Dataset entries:
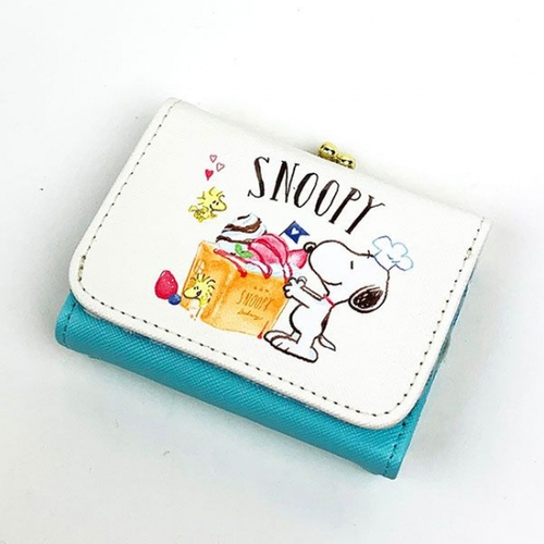 まずは三つ折り財布のご紹介です。コック帽をかぶったスヌーピーと、美味しそうなフルーツたっぷりのベーカリーがデザインされています。見た目にもキュートで美味しそう♪サイズは9.5×8×3cmで、コンパクトです。
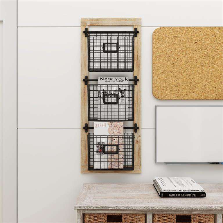 High Quality 14\" X 4\" X 36\" Black Metal Wire Magazine Rack Holder 3 Slot Suspended Baskets Label Slots Lacquer for Home Use
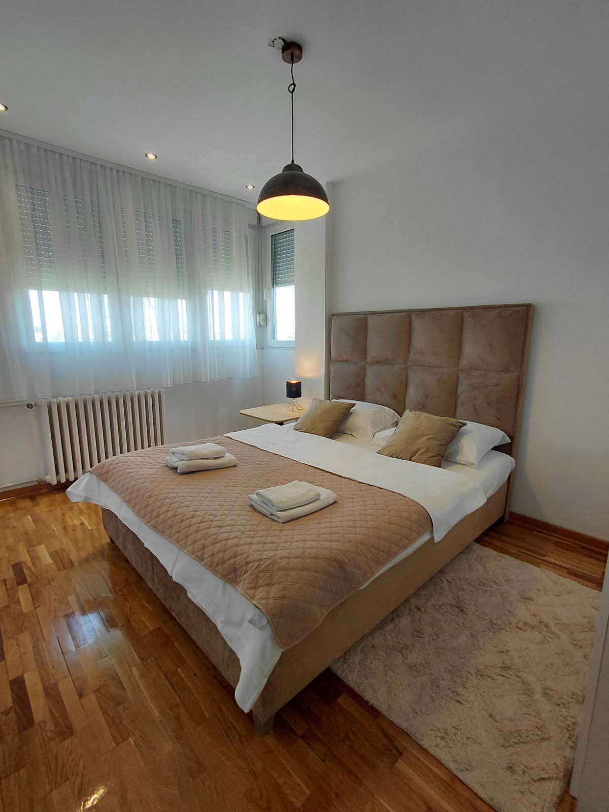 Odvojena spavaća soba opremljena je velikim bračnim krevetom, kvalitetnom posteljinom i ormanom, što garantuje miran i udoban san.
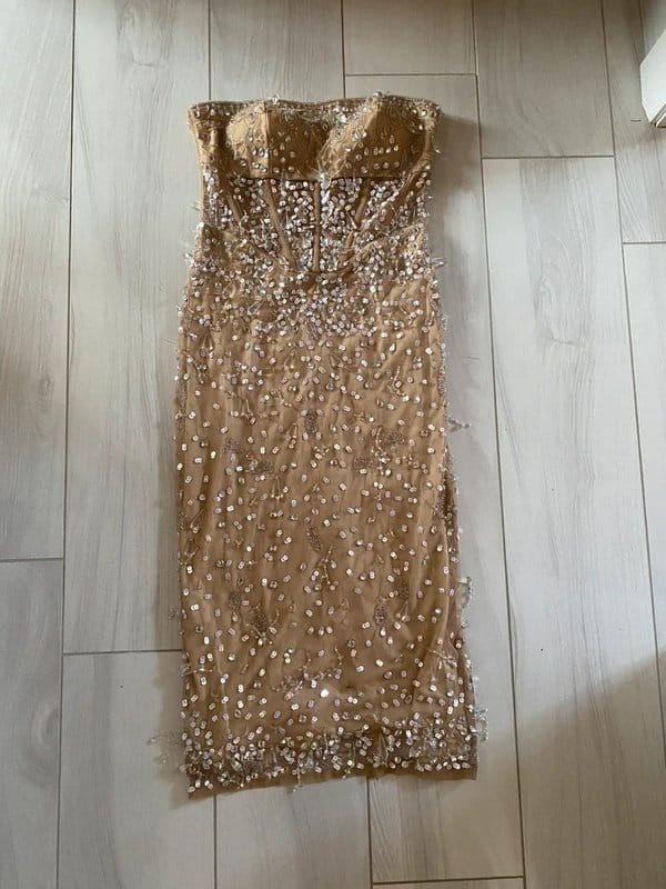 This beige embellished midi dress from ASOS features a sheer bodice with beads and sequins for a glamorous look. Perfect for evening events or special occasions.
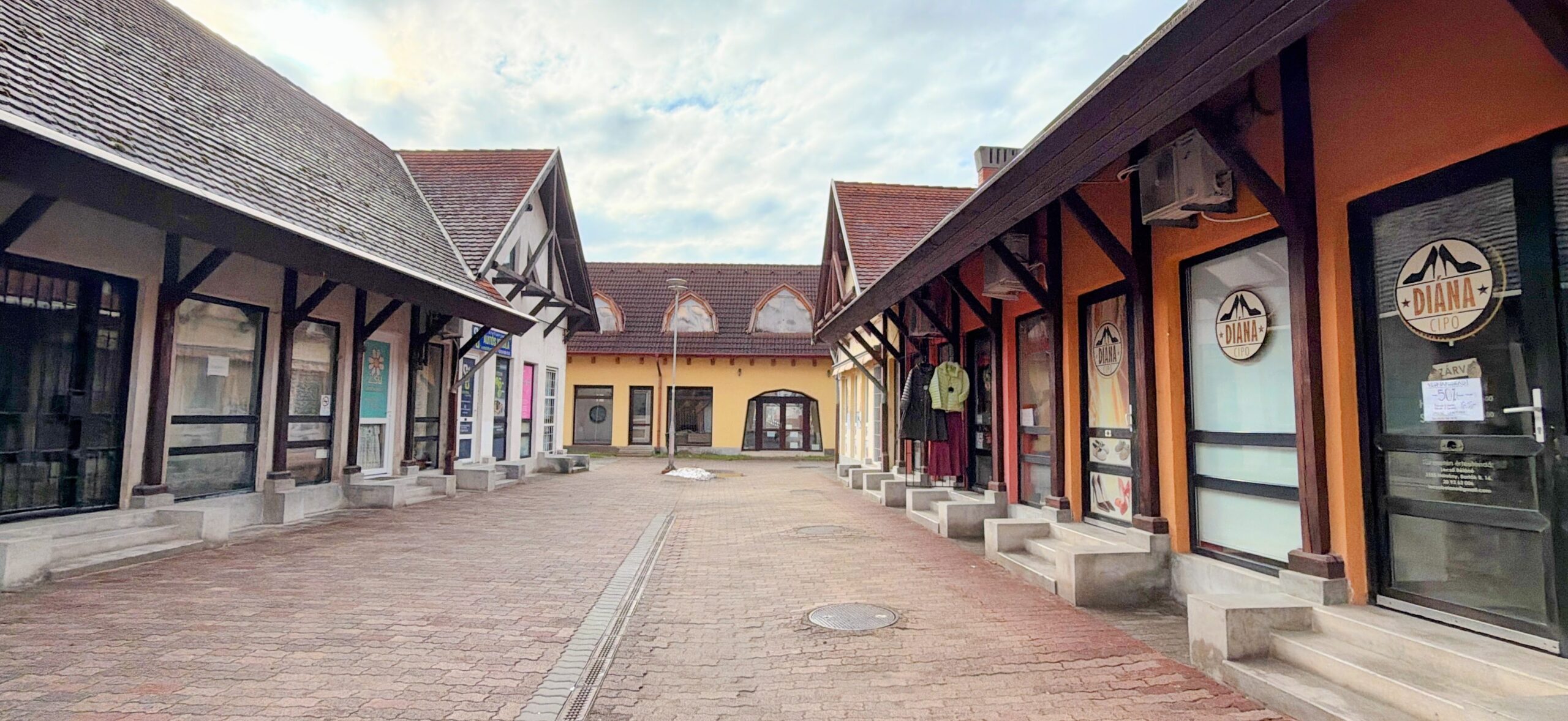 A város központjában, a Bevásárlóudvarban lévő üzlethelyiség 2X 24m2 alapterületű.
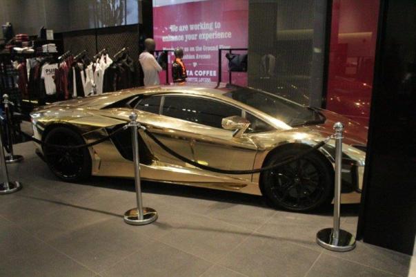 A gold Lambourghini.
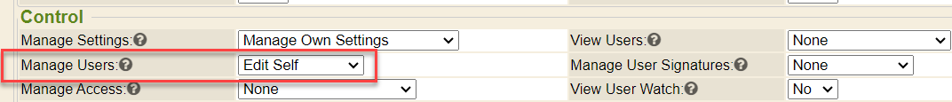 Users that log into a portal with a manual login and password, also have the ability to change their password while logged into the portal. To enable this feature, the portal user’s security role setting “Manage Users” must be set to ‘Edit Self'.
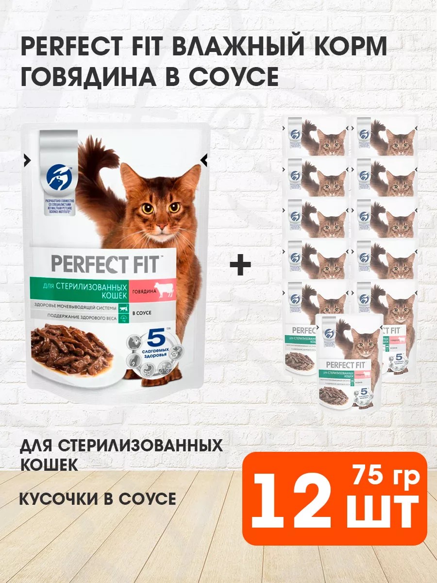Корм для кошек влажный Perfect Fit - высококачественный полноценный сбалансированный рацион с говядиной в соусе, созданный специально для котов и кошек после кастрации и стерилизации.
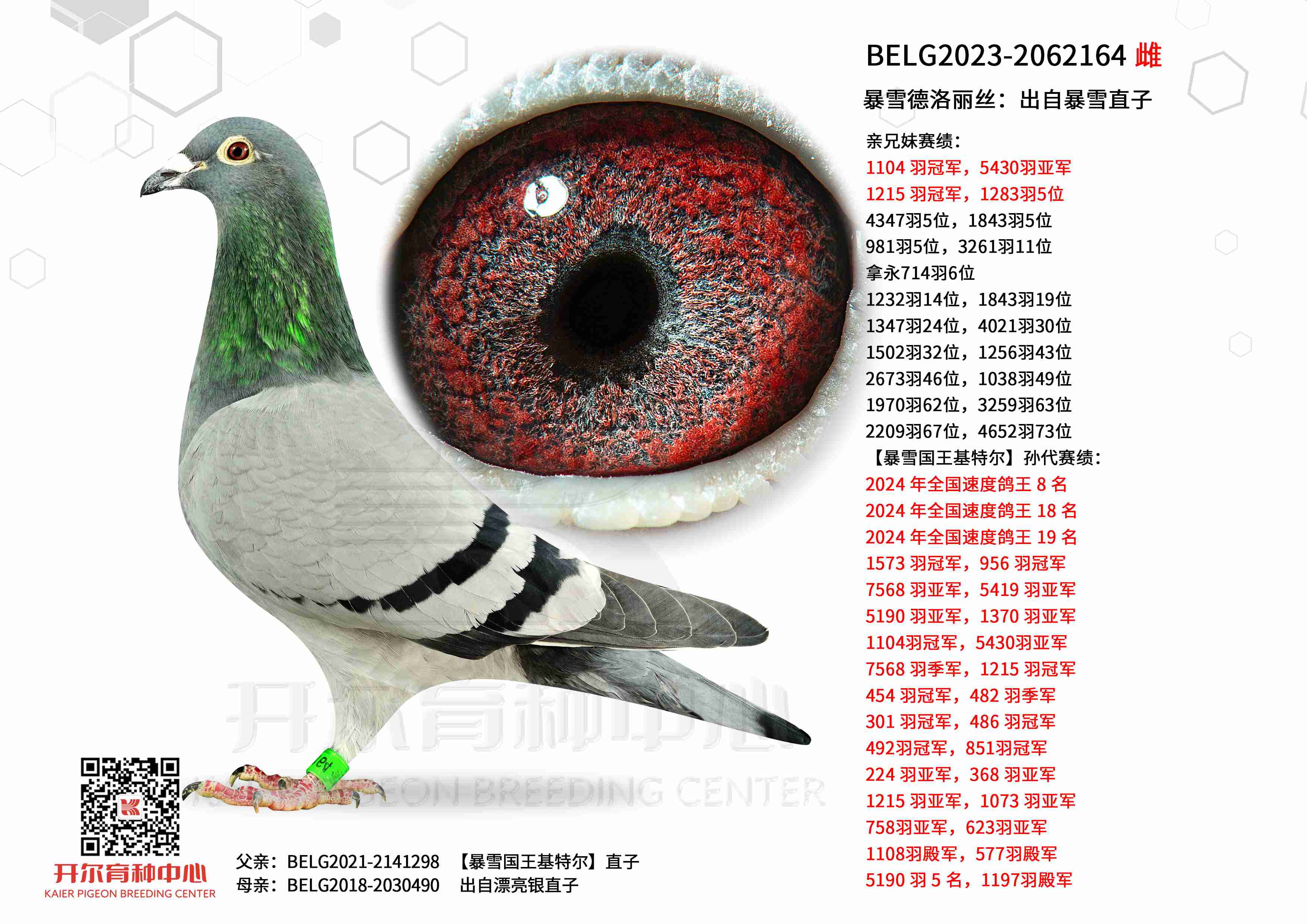 ● 本鸽: BELG2023-2062164 暴雪德洛丽丝:出自暴雪直子
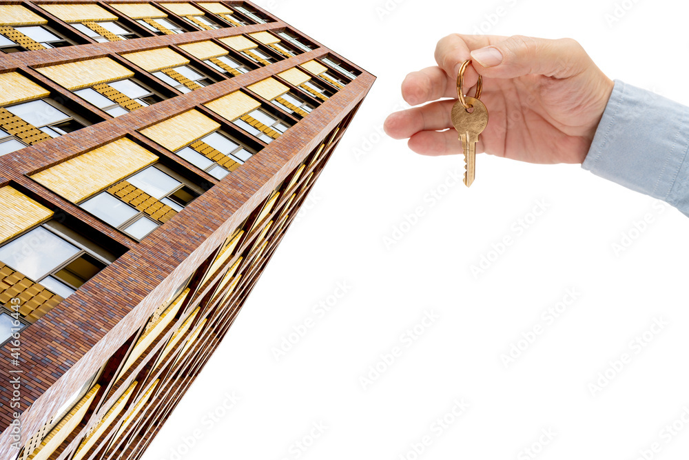 Apartment key in a man's hand. Brass house door lock key. Modern building, view from below. Architecture in modern city.
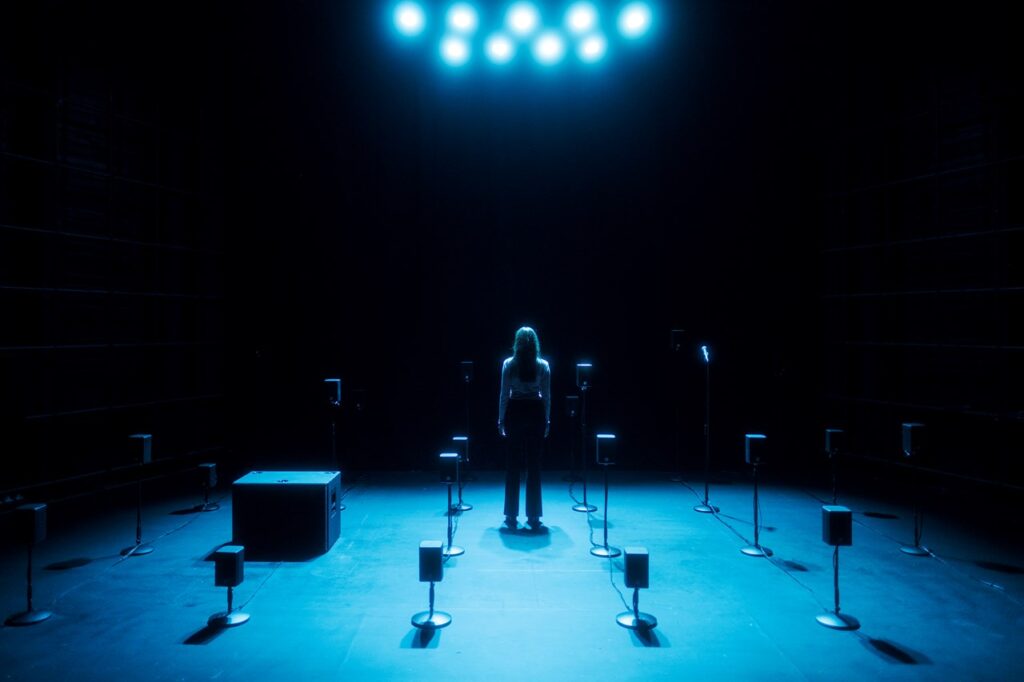 Rummet er sårbart. Intimt. Forestillingen foregår på teatrets mindste scene, Stiklingen, og Bøttcher er alene. Kun en vandflaske, en mikrofon og 23 højtalere i forskellige højder akkompagnerer hende. Alt høres, alt ses. Den minimale scenografi lader teksten tale på den mest skrøbelige og virkningsfulde måde.
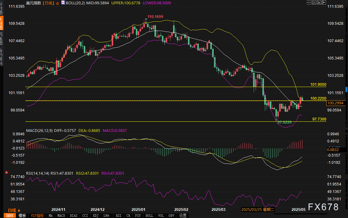 周五(5月9日),美元指数在冲高至100.86后迅速回落,这一走势反映出市场对周末贸易谈判的谨慎情绪,叠加美联储官员密集讲话前的仓位调整。技术面上,布林带中轨99.5934与上轨100.6936形成短期压制,MACD柱状图虽仍处负值区间(-0.5695),但快慢线收敛迹象明显,显示多空博弈加剧。
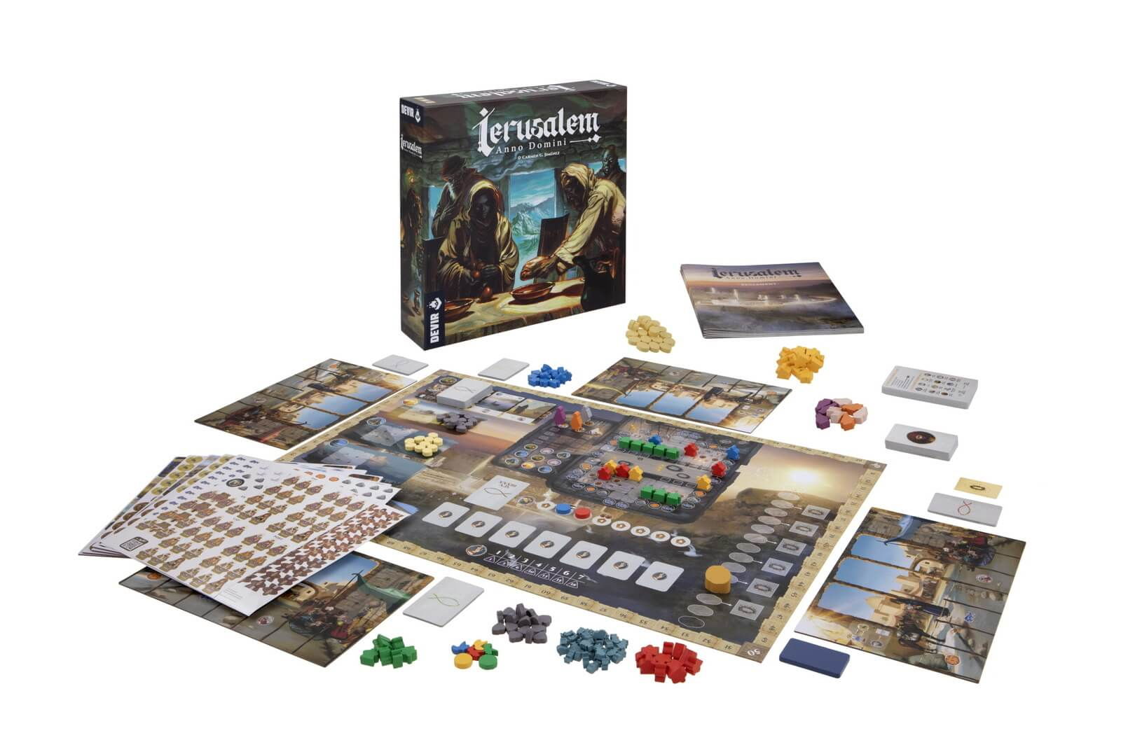 Obiectivul principal al jocului Ierusalem (EN) este de a aduce cat mai multi adepti la Cina cea de Taina. Pentru a face acest lucru, trebuie sa ii trimiti pe acestia in diferite locatii de pe tabla de joc precum: muntele, desertul, piata, templul sau lacul. In schimb, vei primi paine, peste, pietre, denari sau cartonase care iti vor permite sa faci mai multe actiuni. In plus, poti asculta o pilda, schimba locurile de la masa sau face o favoare. Actiunile se intampla in timp ce rabdarea Sanhedrinului se epuizeaza. In acel moment finalul se apropie.
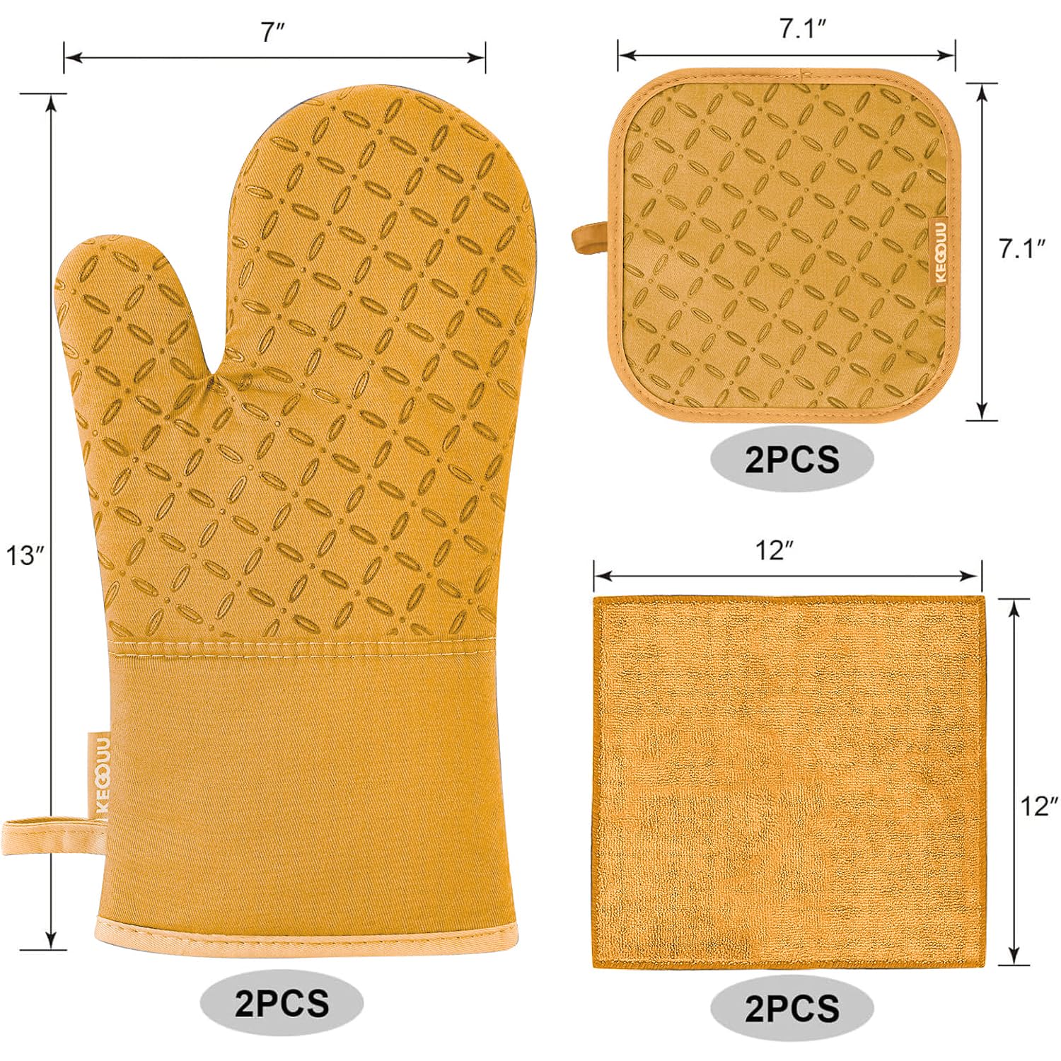 6 PIECE KITCHEN ACCESSORY SETS: Our oven mitts and pot holders set including 2pcs non-slip surface silicone kitchen oven gloves (7X13in), 2pcs pot holders (7X7in) and 2 kitchen towels (12x12in), fit for indoor cooking, baking,BBQ or outdoor grilling. Also the oven mitt set is a perfect ideal kitchen gift for women, men, baker, cooker

# What needs to be done
Write out each entry above once more, exactly as written, and drop the pictures.

# Response box
 まずは三つ折り財布のご紹介です。コック帽をかぶったスヌーピーと、美味しそうなフルーツたっぷりのベーカリーがデザインされています。見た目にもキュートで美味しそう♪サイズは9.5×8×3cmで、コンパクトです。
 High Quality 14\" X 4\" X 36\" Black Metal Wire Magazine Rack Holder 3 Slot Suspended Baskets Label Slots Lacquer for Home Use
 Odvojena spavaća soba opremljena je velikim bračnim krevetom, kvalitetnom posteljinom i ormanom, što garantuje miran i udoban san.
 This beige embellished midi dress from ASOS features a sheer bodice with beads and sequins for a glamorous look. Perfect for evening events or special occasions.
 A város központjában, a Bevásárlóudvarban lévő üzlethelyiség 2X 24m2 alapterületű.
 A gold Lambourghini.
 Users that log into a portal with a manual login and password, also have the ability to change their password while logged into the portal. To enable this feature, the portal user’s security role setting “Manage Users” must be set to ‘Edit Self'.
Корм для кошек влажный Perfect Fit - высококачественный полноценный сбалансированный рацион с говядиной в соусе, созданный специально для котов и кошек после кастрации и стерилизации.
 ● 本鸽: BELG2023-2062164 暴雪德洛丽丝:出自暴雪直子
 Apartment key in a man's hand. Brass house door lock key. Modern building, view from below. Architecture in modern city.
 Rummet er sårbart. Intimt. Forestillingen foregår på teatrets mindste scene, Stiklingen, og Bøttcher er alene. Kun en vandflaske, en mikrofon og 23 højtalere i forskellige højder akkompagnerer hende. Alt høres, alt ses. Den minimale scenografi lader teksten tale på den mest skrøbelige og virkningsfulde måde.
 周五(5月9日),美元指数在冲高至100.86后迅速回落,这一走势反映出市场对周末贸易谈判的谨慎情绪,叠加美联储官员密集讲话前的仓位调整。技术面上,布林带中轨99.5934与上轨100.6936形成短期压制,MACD柱状图虽仍处负值区间(-0.5695),但快慢线收敛迹象明显,显示多空博弈加剧。
 Obiectivul principal al jocului Ierusalem (EN) este de a aduce cat mai multi adepti la Cina cea de Taina. Pentru a face acest lucru, trebuie sa ii trimiti pe acestia in diferite locatii de pe tabla de joc precum: muntele, desertul, piata, templul sau lacul. In schimb, vei primi paine, peste, pietre, denari sau cartonase care iti vor permite sa faci mai multe actiuni. In plus, poti asculta o pilda, schimba locurile de la masa sau face o favoare. Actiunile se intampla in timp ce rabdarea Sanhedrinului se epuizeaza. In acel moment finalul se apropie.
 6 PIECE KITCHEN ACCESSORY SETS: Our oven mitts and pot holders set including 2pcs non-slip surface silicone kitchen oven gloves (7X13in), 2pcs pot holders (7X7in) and 2 kitchen towels (12x12in), fit for indoor cooking, baking,BBQ or outdoor grilling. Also the oven mitt set is a perfect ideal kitchen gift for women, men, baker, cooker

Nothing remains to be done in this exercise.